■ Task brief
The answer should hold only the lines from the one containing "Picasa es una" through the one containing "Pediatric population studies" in the entries below, copied exactly, without pictures.

■ Given data
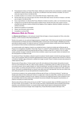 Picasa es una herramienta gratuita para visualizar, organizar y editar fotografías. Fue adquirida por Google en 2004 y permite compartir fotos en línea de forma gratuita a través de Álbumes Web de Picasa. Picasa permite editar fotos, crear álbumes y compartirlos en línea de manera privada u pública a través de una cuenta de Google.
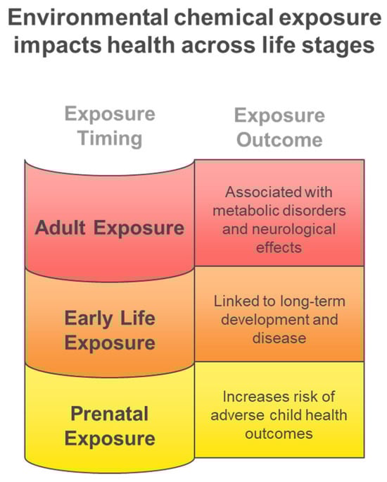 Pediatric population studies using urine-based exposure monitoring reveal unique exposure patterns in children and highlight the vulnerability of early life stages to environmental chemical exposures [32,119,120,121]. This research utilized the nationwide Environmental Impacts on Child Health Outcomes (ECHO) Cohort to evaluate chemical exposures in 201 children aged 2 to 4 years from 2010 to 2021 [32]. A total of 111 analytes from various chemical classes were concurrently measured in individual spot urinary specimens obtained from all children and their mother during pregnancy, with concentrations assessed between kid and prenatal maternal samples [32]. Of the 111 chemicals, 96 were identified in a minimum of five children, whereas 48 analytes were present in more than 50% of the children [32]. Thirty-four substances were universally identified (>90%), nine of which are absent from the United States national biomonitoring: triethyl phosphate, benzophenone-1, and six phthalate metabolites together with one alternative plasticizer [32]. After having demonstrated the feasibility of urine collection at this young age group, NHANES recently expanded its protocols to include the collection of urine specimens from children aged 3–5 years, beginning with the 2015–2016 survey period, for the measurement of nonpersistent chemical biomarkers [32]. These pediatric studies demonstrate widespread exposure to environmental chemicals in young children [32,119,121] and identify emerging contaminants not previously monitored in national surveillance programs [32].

==

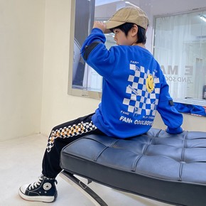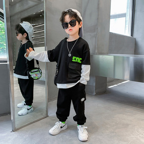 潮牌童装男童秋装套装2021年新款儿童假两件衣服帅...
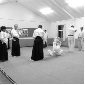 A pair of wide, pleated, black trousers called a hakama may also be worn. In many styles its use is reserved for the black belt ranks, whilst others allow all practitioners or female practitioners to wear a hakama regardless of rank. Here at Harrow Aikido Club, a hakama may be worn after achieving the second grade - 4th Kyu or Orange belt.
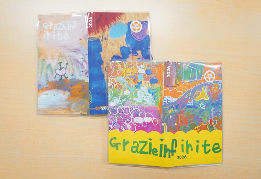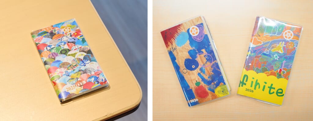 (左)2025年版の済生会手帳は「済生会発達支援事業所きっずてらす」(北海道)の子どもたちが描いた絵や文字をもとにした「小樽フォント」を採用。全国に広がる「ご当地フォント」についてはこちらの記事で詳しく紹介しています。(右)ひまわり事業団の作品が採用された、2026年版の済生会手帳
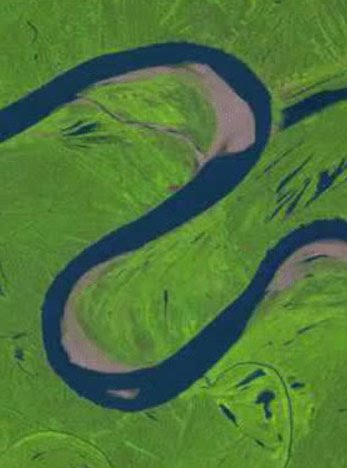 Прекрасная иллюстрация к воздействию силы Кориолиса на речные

...

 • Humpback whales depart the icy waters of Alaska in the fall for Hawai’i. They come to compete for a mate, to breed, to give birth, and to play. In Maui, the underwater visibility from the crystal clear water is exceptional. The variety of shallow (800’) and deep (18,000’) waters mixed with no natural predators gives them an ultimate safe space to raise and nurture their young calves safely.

■ Finished task
 Picasa es una herramienta gratuita para visualizar, organizar y editar fotografías. Fue adquirida por Google en 2004 y permite compartir fotos en línea de forma gratuita a través de Álbumes Web de Picasa. Picasa permite editar fotos, crear álbumes y compartirlos en línea de manera privada u pública a través de una cuenta de Google.
 Pediatric population studies using urine-based exposure monitoring reveal unique exposure patterns in children and highlight the vulnerability of early life stages to environmental chemical exposures [32,119,120,121]. This research utilized the nationwide Environmental Impacts on Child Health Outcomes (ECHO) Cohort to evaluate chemical exposures in 201 children aged 2 to 4 years from 2010 to 2021 [32]. A total of 111 analytes from various chemical classes were concurrently measured in individual spot urinary specimens obtained from all children and their mother during pregnancy, with concentrations assessed between kid and prenatal maternal samples [32]. Of the 111 chemicals, 96 were identified in a minimum of five children, whereas 48 analytes were present in more than 50% of the children [32]. Thirty-four substances were universally identified (>90%), nine of which are absent from the United States national biomonitoring: triethyl phosphate, benzophenone-1, and six phthalate metabolites together with one alternative plasticizer [32]. After having demonstrated the feasibility of urine collection at this young age group, NHANES recently expanded its protocols to include the collection of urine specimens from children aged 3–5 years, beginning with the 2015–2016 survey period, for the measurement of nonpersistent chemical biomarkers [32]. These pediatric studies demonstrate widespread exposure to environmental chemicals in young children [32,119,121] and identify emerging contaminants not previously monitored in national surveillance programs [32].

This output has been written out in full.